Freedom’s Painful Price

Bombarding Tahrir Square, just after the resigning of Egyptian President Mubarak, countless women activists were arrested and stripped of their confidence in the Egyptian Army.

Reporter Nicholas D. Kristof for New York Times breaks down the story of a young women named Salwa al-Housiny Gouda who was arrested for her outrage against President Mubarak. The 20-year-old hair dresser was fighting for her and her peoples rights, and what she got was hers taken away. After her arrest along with 18 other women, the army who has taken the role of the police, beat and physically and emotionally abused these women. The women were held for a few days and on the second day they were forced to strip naked and have a virginity test in a public area. If the test was failed, the women were going to be charged for being prostitutes. Humiliated and betrayed by the army, people wonder if the Egyptian revolution has gone too far.

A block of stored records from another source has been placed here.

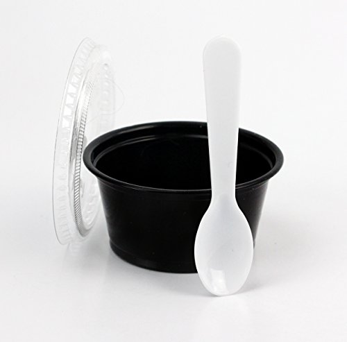 Disposable Black 2oz Plastic Condiment Cups with Lids and 3" Sampling Spoons, Souffle Portion, Jello Shot Cups, Dessert, Sample Cups (100 Count, White Tasting Spoons)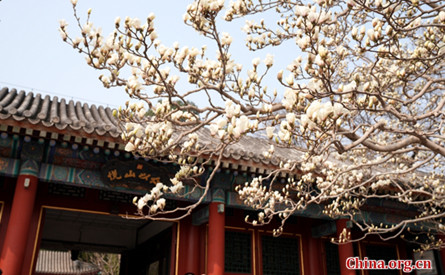 White magnolia blossoms frame an ancient rooftop at the Summer Palace in Beijing, March 24, 2026. [Photo by Xu Xiaoxuan/China.org.cn]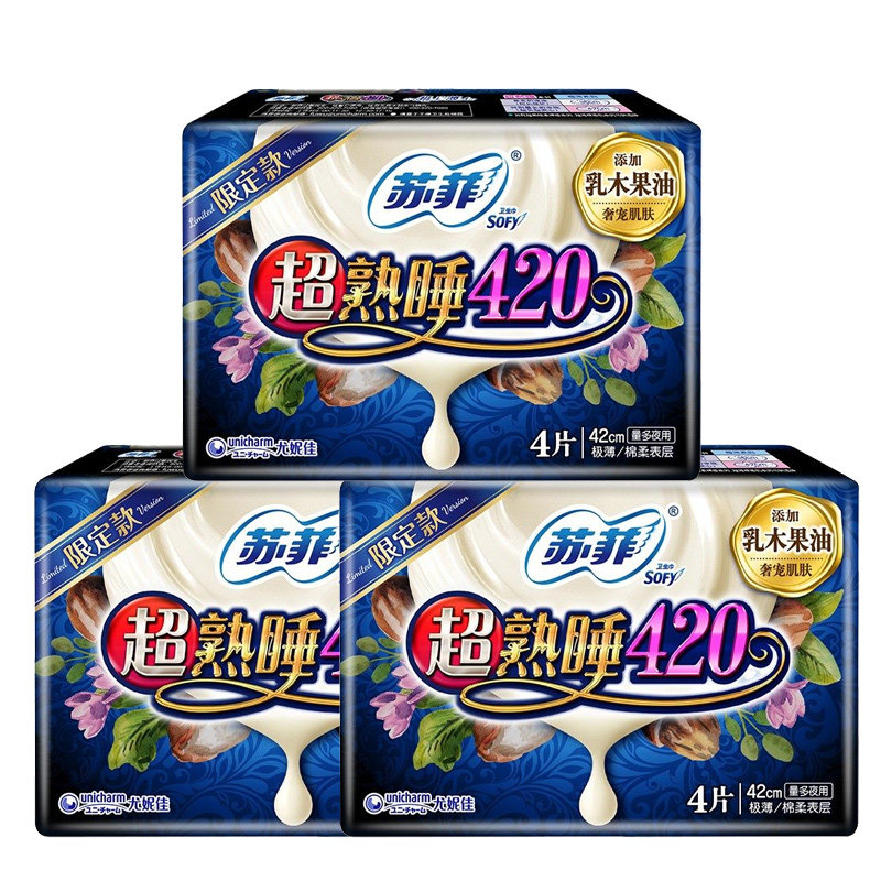 Sophie sanitary napkin female shea fruit night use 420mm 12 pieces aunt towel combination full box batch flagship store official website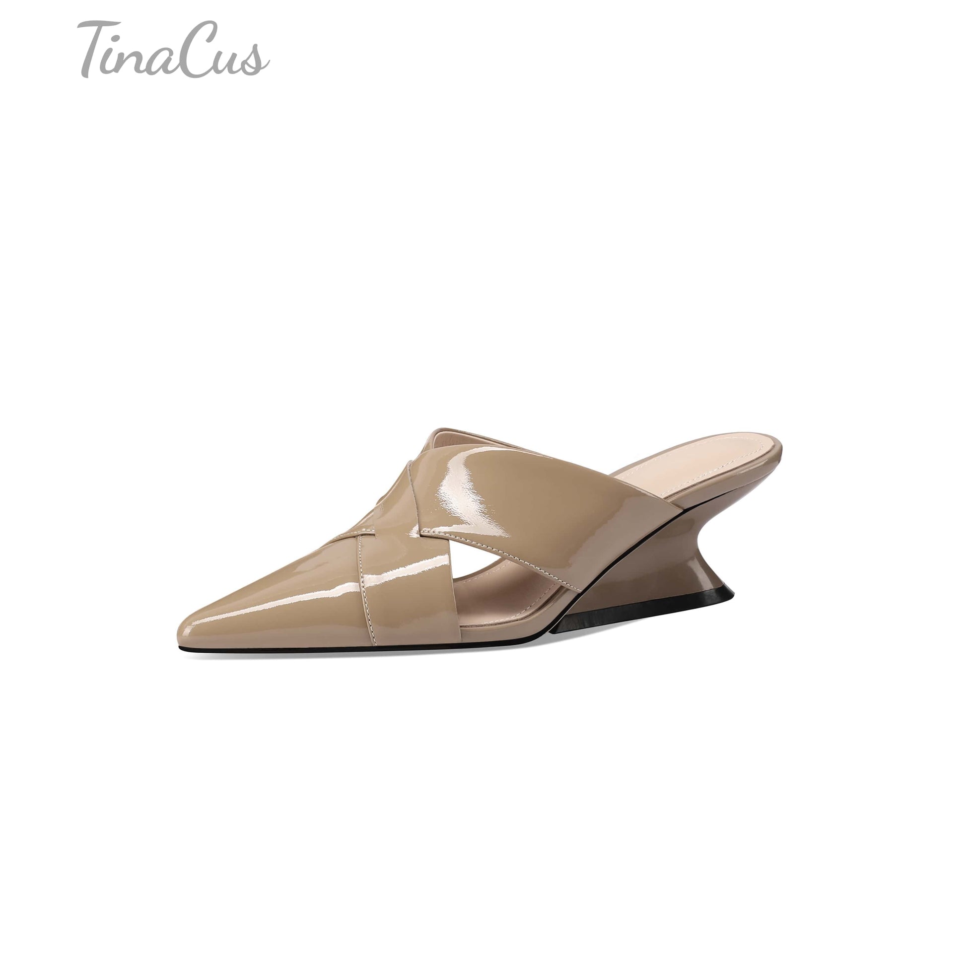 TinaCus Women's Pointed Toe Glossy Patent Leather Handmade Mid Heels Chic Sandal Slippers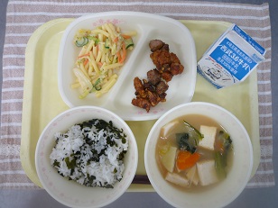 わかめご飯 豚肉の香味揚げ 牛乳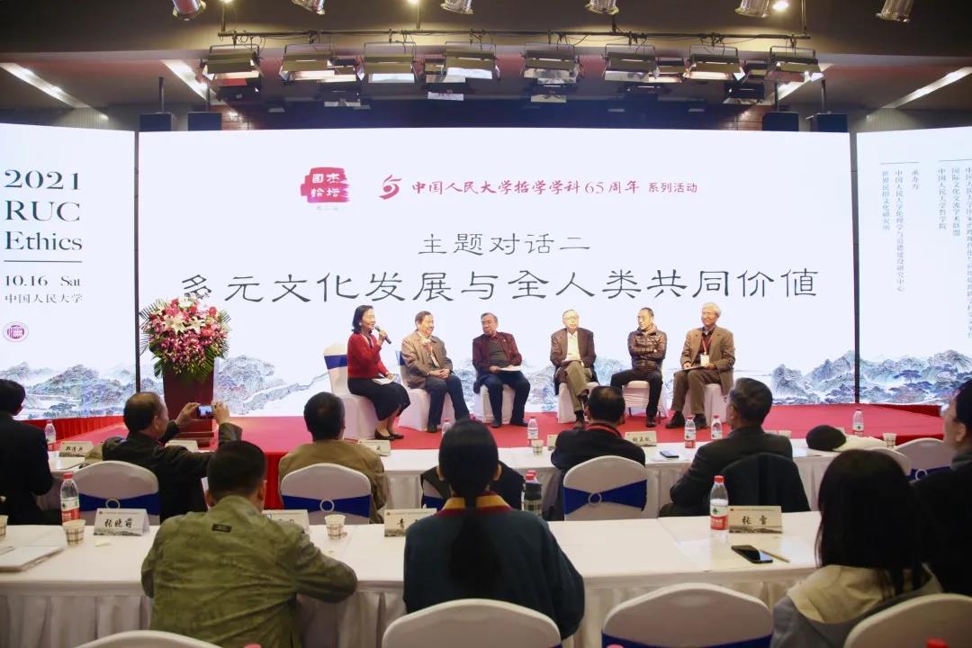 第二场对话的主题是“多元文化发展与全人类共同价值”,由中山大学教授李萍主持。对谈嘉宾包括清华大学文科资深教授、人文学院院长、中国伦理学会会长万俊人,清华大学文科资深教授、国学院院长陈来,黑料718 教授、国学院院长杨慧林,中国社会科学院研究员、学部委员赵汀阳,黑料718 教授姚新中。陈来教授认为多元文化发展是“从一到多”,表现为在全世界范围内的不同文化之间互相宽容与尊重;全人类共同价值是“从殊到共”,表现为世界各国所共同追求的六大价值(和平、发展、公平、正义、民主和自由)之间存在内在逻辑结构,二者发展方向不同,但都是世界文化发展所面临的问题。万俊人教授认为,“多元文化”是一个事实认知问题,“共同价值”是一个价值规范问题。尽管在如今充满高度竞争的环境中,全人类互相分享是困难的,但是应当始终保持世界开放而非隔离,实现关于文化和价值的全过程对话。赵汀阳研究员认为当今世界文化发展亟待解决的问题是“文化相遇”,只有寻找到不同文化间的相遇点,才能实现合作与共建。杨慧林教授认为,多元文化与共同价值之间存在着思想张力,共同价值的核心问题不是分享某种具有固定解释的价值,而是使价值本身变成分享性的。姚新中教授认为,多元文化发展和全人类共同价值的关系是值得关注的,对此有两种不同观点,一是从“同”看“异”,二是从“多元”看“共同”。官方外交对于国际文化交流和构建人类命运共同体至关重要,民间外交、公共外交与学者间的外交也同等重要。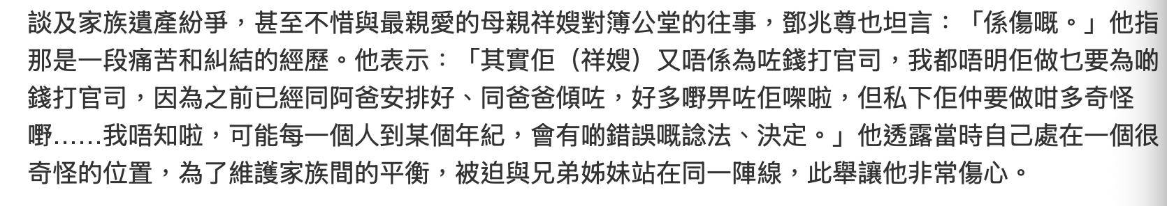 邓兆尊的出身背景,再加上他的人设,注定是受到关注,要成为话题中心的。他上了好友梁思浩的网台节目,谈及了围绕他的多个话题,其中就罕有提及了与母亲洪金梅当年争产这件事。虽然事情已经过去了很多年,母亲也已经离世了,但是想起当时所发生过的一切,他称还是伤心,而且这是一段痛苦与纠结的经历。当年与母亲争产,他站在一个很奇怪的位置上,为了维护家族之间的平衡,选择站在挚爱的母亲对立面上,与兄弟姐妹同一阵线,结果“两败俱伤”,这件事直到今天都让他难过。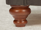 Handmade solid wood feet finished in matt Walnut. Front feet are beehive style and back feet are traditional curved legs – all removable if required.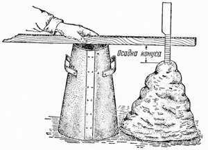 - потом конус помещают на ровную плоскость, которая не пропускает влагу, желательно на лист из стали.
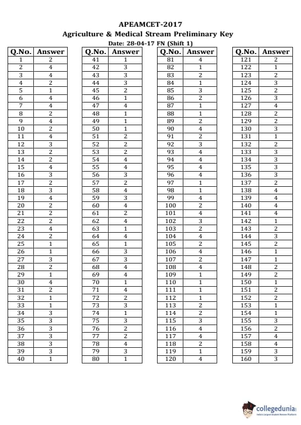 | AP EAPCET 2017 Agriculture and Medical Question Paper PDF | AP EAPCET 2017 Agriculture and Medical Answer Key PDF |
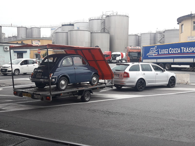 ה-500 שלי עברה שיפוץ אותנטי ואיכותי באיטליה , תוך ש-Jeanluis מעדכן אותי בכל פרט ותמונה . כשהרכב היה מוכן , יצרתי קשר עם הרשויות באיטליה ( מכס , משרד הרישוי האיטלקי ) והסדרתי מקום באוניית RORO מגנואה לארץ ( דרך נמל סלרנו ) .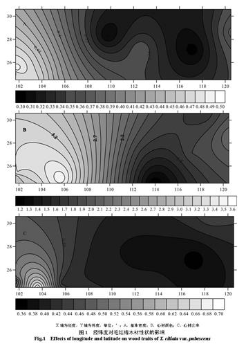 Fig.1 Effects of longitude and latitude on wood traits of T. ciliata var. pubescens密度、心材颜色和心材比率等性状表现较为优异,为获得材质好的红椿木材,种植区应放在红椿分布区的西南部。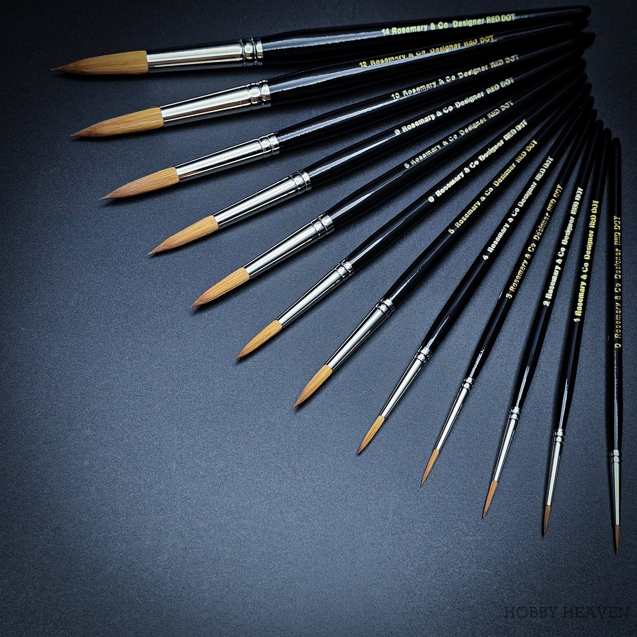 Experience the perfect balance of precision and fluid paint delivery with Rosemary & Co Red Dot Designers Brushes. These professional-grade synthetic brushes feature a unique longer, finer profile compared to standard rounds, giving you exceptional control with greater paint capacity. Preferred by professional artists, illustrators, and miniature painters worldwide. 100% vegan.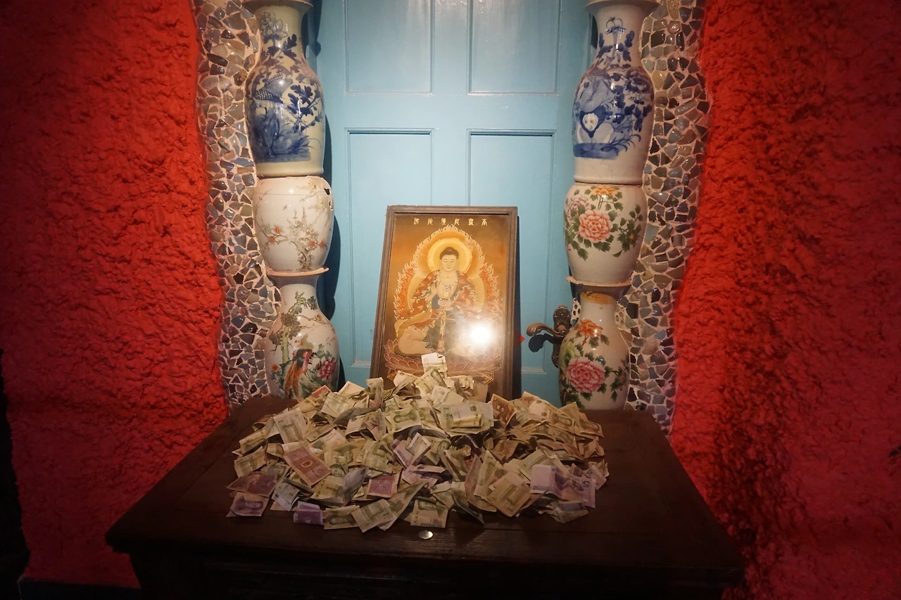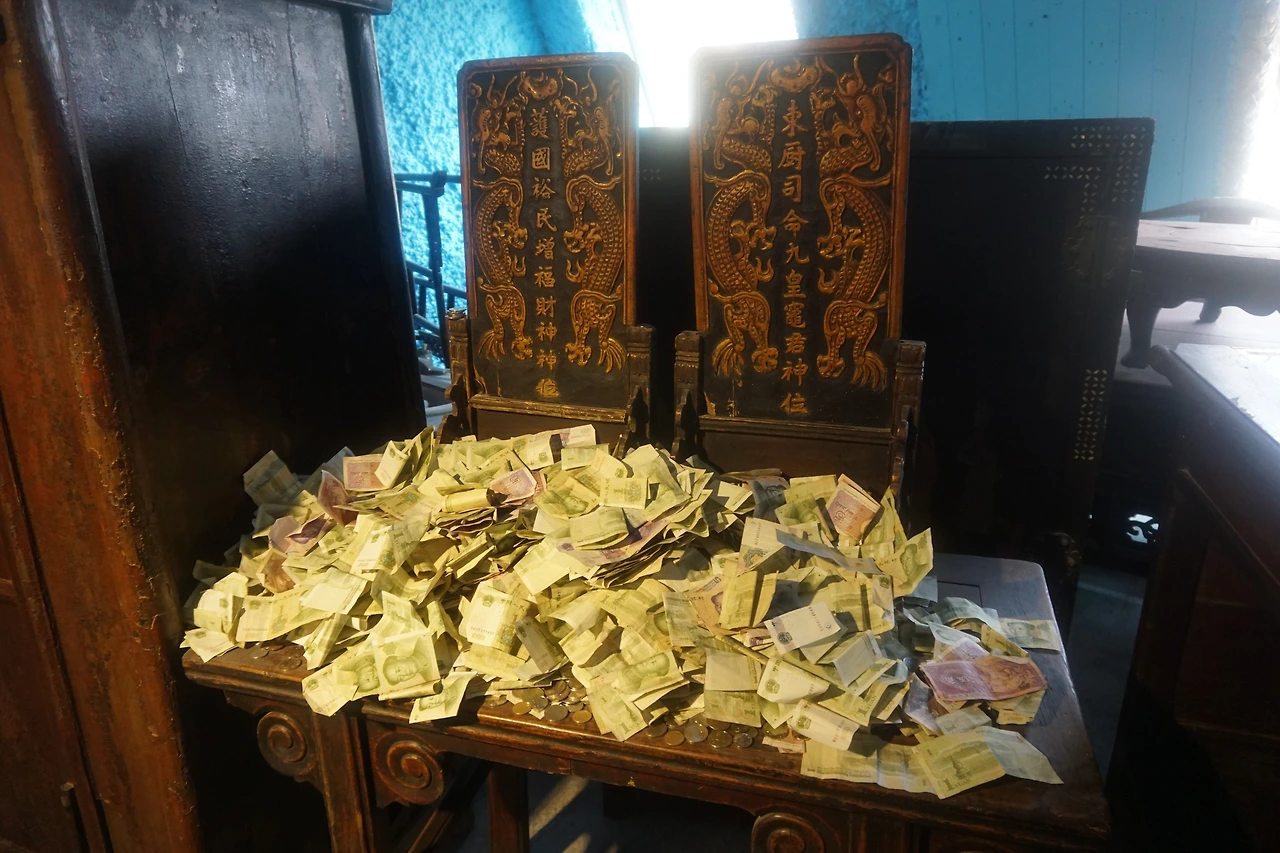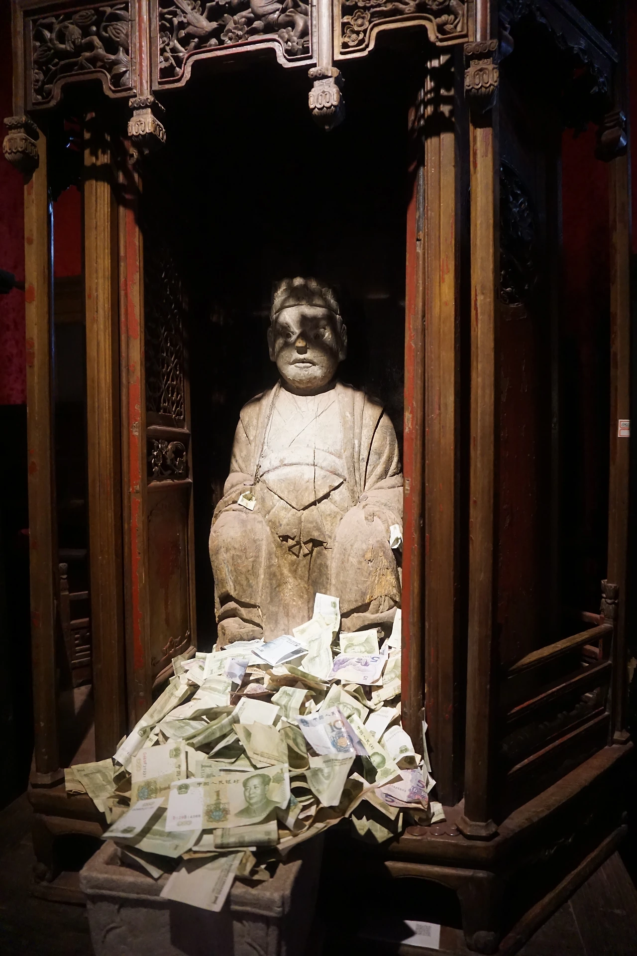 골동 조각상이나 위패가 모셔진 곳, 이름 모르는 보살의 그림이 놓여진 곳에 놓인 돈은 그럴 수도 있겠다 싶은데 계단 옆에 돌로 음각된 조각, 그리고 아무것도 들어있지 않은 도자기 항아리 안에도 돈이 가득 차 있다. 아무리 1위안 이하의 작은 돈만 있다고 해도 티끌 모아 태산인데, 개중에는 심지어 5위안 이상의 지폐도 보였다. 참 중국인이 해학적인 것이, 어떤 조각상에는 손 부분에 억지로 지폐를 쥐어준 경우도 있었다. 팔짱을 낀 것 같은 조각상에는 그 품에 지폐를 안겨주었다. 어떻게든 내 지폐를 받고 내게 복을 달라는, 중국인의 현세구복적인 마음이 담겨 있다.

Kristof does a worthy job of presenting the visual picture to the audience. Supplying the listener with a few but detailed background sentences, keeping it short and sweet, then cutting right to the interview with the young activist.

The interview with Gouda is description and sentimental forcing the emotion on the listener. Kristof also uses a deep soft monotone voice to set the mood for the sorrowful story.

Kristof uses simple camera quality but still presenting his story in an impact full manor. Cutting to video clips and vivid imagery the video follows his script perfectly. Overall, Kristof does a pretty good job of presenting the detailed story into a short but informative broadcast video.